Andrew Dominik's 2012 film, Killing Them Softly, can be described as a neo-noir crime thriller. But, I like to describe it as something else. A visual essay about the United States of America. And all of this can be seen in the way the film opens and the way it ends.
The First Scene
Immediately, the idea of America is put at the forefront of the audience's mind. The images on the screen and the audio clash with each other.
What we're seeing can almost be described as a wasteland. Our character, Frankie (played by Scoot McNairy), is walking out of a tunnel towards what can be described as a wasteland. And the audio cuts in and out, from the left channel to the right channel.
It's a sound that's disconcerting and unsettling. It's interspersed with audio from President Obama. His words juxtapose the action that takes place on screen. We have Frankie, in an American wasteland, and we're listening to our current president talk about America being a land of opportunity.
The Last Scene
Again, we have the words of our current President juxtaposed against the action that's taking place within the scene. We have Jackie, played by Brad Pitt, talking to Richard Jenkins' character about the money that he's owed for killing people throughout the film.
The importance in this scene comes towards the end when Jackie comments on the speech that Obama is give at that time.

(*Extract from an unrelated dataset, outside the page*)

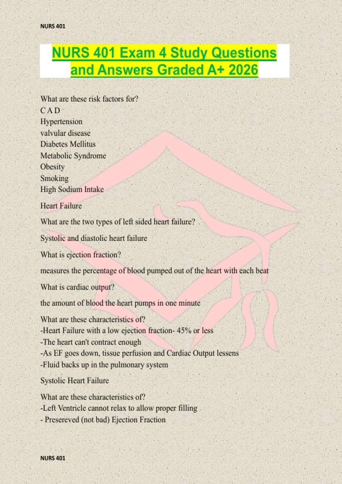 NURS 401 Exam 4 Study Questions and Answers Graded A+ 2026

He ends with:
This guy wants to tell me we're living in a community? Don't make me laugh. I'm living in America, and in America you're on your own. America's not a country. It's just a business. Now fuckin' pay me.
This is where Dominik drives the point of the films narrative home. The plot of the movie revolves around how the economy of a criminal underworld collapses after Frankie (the character from the first scene) decides to rob a mob-run poker table. By ending his movie with these lines, he's commenting on the economic collapse of the United States that was brought on by one person's greed.
While the film showcases a more criminal version of capitalism, it also breaks it down, comments on it, and shows how people within that system continue to use it to their advantage (i.e. Jackie).